The Ghana Statistical Service’s MIEG is a high-frequency monthly indicator designed to provide early signals about quarterly GDP direction before official figures are released. The February 2026 reading will be followed by Q1 2026 official GDP data on June 10, which is expected to confirm the strong momentum the MIEG is signalling.
- Industry’s 9.6% growth was the standout sector reading. The performance represents a major improvement from the 2.8% growth recorded in the same period in 2025 and was driven primarily by mining and quarrying, manufacturing and electricity production. Ghana’s gold sector has been the primary industrial engine: gold exports hit $20 billion in 2025, more than double the prior year, driven by a combination of record international gold prices and strong domestic production from both large-scale mines and artisanal small-scale mining. Gold prices remain elevated in 2026 with J.P. Morgan projecting a move toward $5,000 per ounce by Q4, which would sustain the revenue trajectory that has transformed Ghana’s fiscal position.
- Services growth at 7.4%, contributing 47.6% of total economic expansion, confirms that Ghana’s recovery is broadening beyond resource extraction. The services sector’s leading contributors were information and communication, finance and insurance, health and trade. Ghana’s financial services sector, centred in Accra, is one of West Africa’s most developed and is benefiting from the improved macroeconomic environment as credit conditions normalise and business confidence rises.
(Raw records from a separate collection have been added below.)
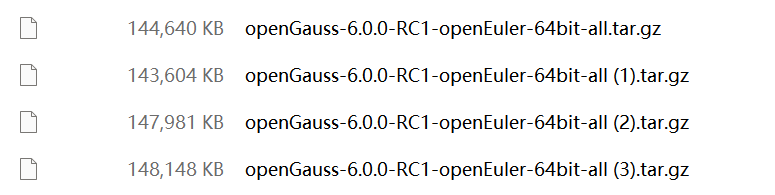 为了开发支持 openGauss 企业级部署的 dbops1.3 版,我下载了所有相关软件包。下载后,我发现了四个包,包名是一样的,这让我疑惑是否重复下载了。显然不是,因为这些包的大小各不相同。
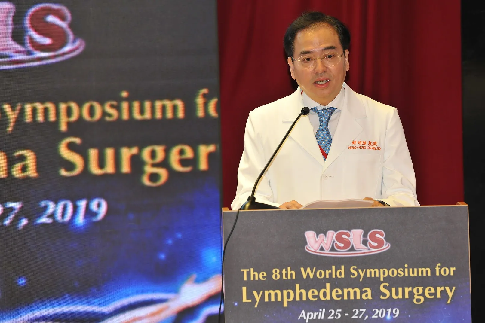 世界淋巴水腫外科手術研討會(WSLS)建立了一個平台,透過此領域世界知名專家的努力,介紹淋巴水腫的發展和治療方面的最新發展和未來方向。自2011年以來,WSLS在領導淋巴水腫手術的基礎研究和臨床實踐方面一直扮演著關鍵作用。 在第八屆世界淋巴水腫手術研討會上,示範七台現場示範手術。顯微淋巴結皮瓣移植的供體部位:下頜部,鎖骨上,腹股溝和腹網膜。受體部位包括上肢的手腕和腋下;下肢的膝膕窩、腹股溝及足踝。我示範的是以顯微下頜部淋巴結皮瓣移植手術。研討會後將進行為期兩天的淋巴水腫主題演講。
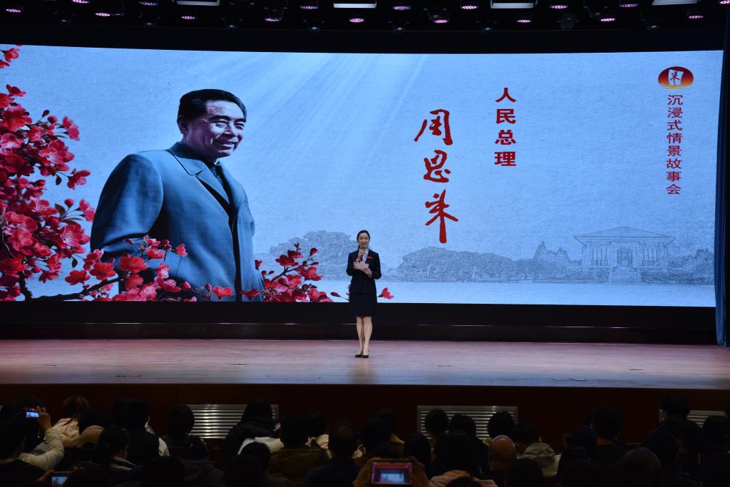 10时在学校礼堂举办《人民总理周恩来》沉浸式情景故事会。本次故事会由周恩来纪念馆“海棠花”党支部讲解员倾情演绎。演员们通过情景讲述、微纪录片、散文诗朗诵、演唱等方式,将《我认的主义一定是不变了》《危局中的擎炬者——周恩来与西安事变和平解决》《西花厅不灭的灯光》《最美的情书》等八个故事再现出来。生动的演绎让在场师生仿佛穿越时空,真切感受到周恩来理想信念的确立、危机中斡旋、中华人民共和国成立后心系人民以及与邓颖超的革命爱情故事,深刻理解了红色家风的精神内核。
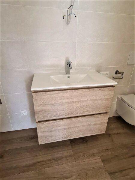 - Badezimmer mit Dusche, Waschtisch und Waschmaschinenanschluss
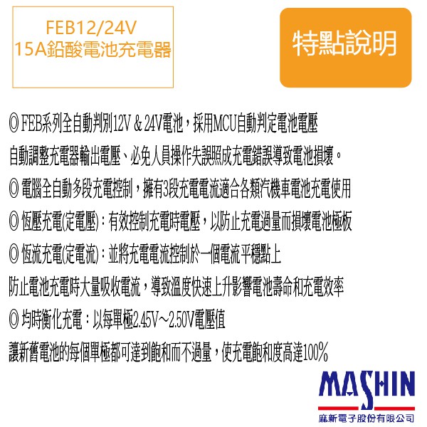 麻新電子 FEB 12/24 15 15a 全自動 12v 24v 電池充電器 可充 210AH FEB2415電瓶
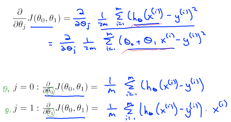 \\frac{𝜕}{𝜕𝜃_𝑗}𝐽(𝜃_0, 𝜃_1) = \\frac{𝜕}{𝜕𝜃_𝑗}\\frac{1}{2m}\\sum_{i=1}\^{m}{(ℎ_𝜃(𝑥\^𝑖) − 𝑦\^𝑖)\^2} \\\\=\\frac{𝜕}{𝜕𝜃_𝑗}\\frac{1}{2m}\\sum_{i=1}\^{m}{(𝜃_0+𝜃_1𝑥\^𝑖 − 𝑦\^𝑖)\^2}
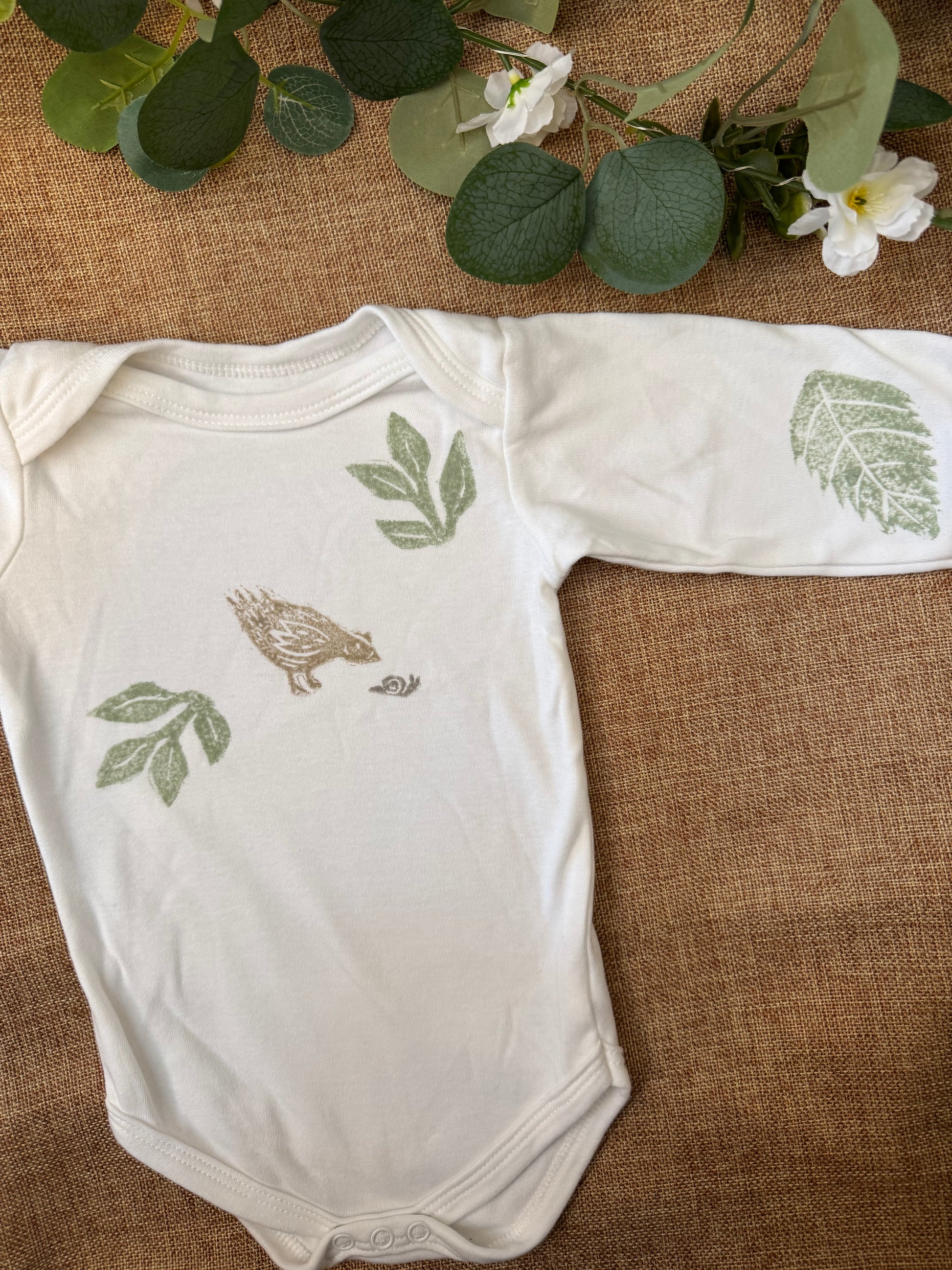 Curious Chicken- hand printed baby grow
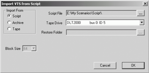 Для импорта VTS из файла скрипта, архива или ленты DLT нужно в редакторе сценариев выполнить команду меню Export ? Import VTS (Экспорт ? Импорт VTS), что приведет к отображению диалогового окна импорта VTS. Впрочем, можно также щелкнуть правой кнопкой мыши на области авторинга и в контекстном меню выполнить команду Import VTS (Импорт VTS). Это тоже позволит активировать диалоговое окно импорта VTS (рис. 3.24).
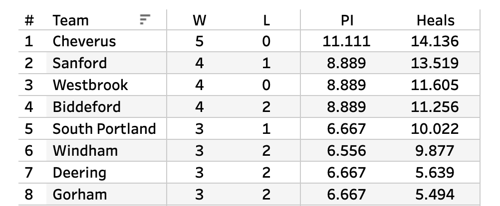 They'll head to Windham to take on the Eagles who are probably a bit of a surprise to be ranked as high as they are with a 3-2 record. They've got a close loss to Sanford on the road and gave Marshwood their only loss of the year--in a 62-26 blowout. They've got a good point differential against a tough schedule, thanks to the Marshwood win. Honestly I think they're probably too high. Something like #12 makes more sense because that might be an outlier. But if it isn't, they could be legit. And that would make A South even harder than we all thought.
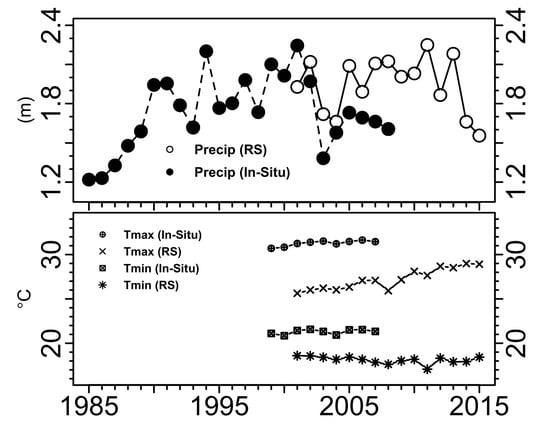 The average annual precipitation in the study watershed during 2001–2015 was 1.9 m (satellite-based remote sensing data products). The average maximum annual air temperature in the study watershed during 2001–2015 was 27 °C, while the average minimum annual air temperature during 2001–2015 was 18 °C (GLDAS data products). We also note here there is about 2 °C difference between air temperature estimates using GLDAS data products and in-situ station data products. We believe that in-situ air temperature station data does not represent the entire watershed accurately, since there is a bias attributed to location and availability. We summarize the precipitation and air temperature annual information for the study watershed from 1985–2015 in Figure 4.
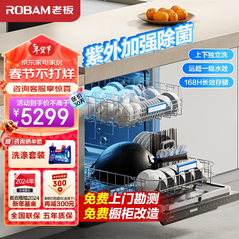 老板(Robam)F30X-黑13套嵌入式去重油污洗碗机家用热风烘干消杀168h长效存储紫外加强除菌一体机独立式分层洗价格:5299.00元!

The information and communication contribution reflects the continued expansion of Ghana’s digital economy, including fintech, digital payments and technology services.
- The macroeconomic context provides the structural foundation for the growth. Inflation fell from above 50% in 2023 to 3.3% in February 2026, one of the most dramatic inflation reversals recorded by a Sub-Saharan African economy. The Ghana cedi appreciated approximately 40.7% against the US dollar over the past year, reversing the currency weakness that had been one of the primary drivers of the debt crisis. Ghana’s gross international reserves reached $13.8 billion, representing 5.7 months of import cover and projected to reach 8.6 months by year end. Public debt fell from 61.8% of GDP to 45.3%. The primary surplus reached 2.6% of GDP against a 1.5% target.
- The IMF’s April 2026 World Economic Outlook placed Ghana’s nominal GDP at $118.29 billion, lifting the country to eighth place among Africa’s largest economies. This is a significant repositioning: Ghana was 10th or below in most rankings as recently as 2024, when the debt crisis had compressed dollar-equivalent GDP. The combination of economic recovery and currency appreciation has restored Ghana to a tier of the African economy where it competes with Tanzania for East African equivalents and Ivory Coast for West African comparators.
- President John Mahama’s government has committed to maintaining the fiscal discipline established under the IMF programme. A new 1,200MW power plant is planned. The debt restructuring that enabled the recovery was completed in 2023, and the programme’s performance criteria have been met consistently since. For investors evaluating West Africa, Ghana’s recovery story offers a template for what post-crisis stabilisation can achieve: the macroeconomic numbers that looked impossible in 2022 are now structural facts.
Government Statistician Alhassan Iddrisu: “The latest data points to improved market performance and rising confidence in the Ghanaian economy compared to the same period last year.”
The Bigger Picture: Ghana’s 7.7% growth in February 2026 is the most compelling evidence yet that the country’s economic recovery from its 2022 debt crisis is not a statistical artefact or a commodity price bounce. It is broad-based, it is accelerating, and it is happening in a macroeconomic environment that has simultaneously delivered low inflation, a strong currency, rising reserves and falling debt. The contrast with the Ghana of 2022, when the cedi was collapsing, inflation was above 50%, debt was unsustainable and the IMF was being called in as a last resort, could not be more complete. West Africa’s most stable democracy has produced West Africa’s most impressive economic recovery. That is the story investors need to understand.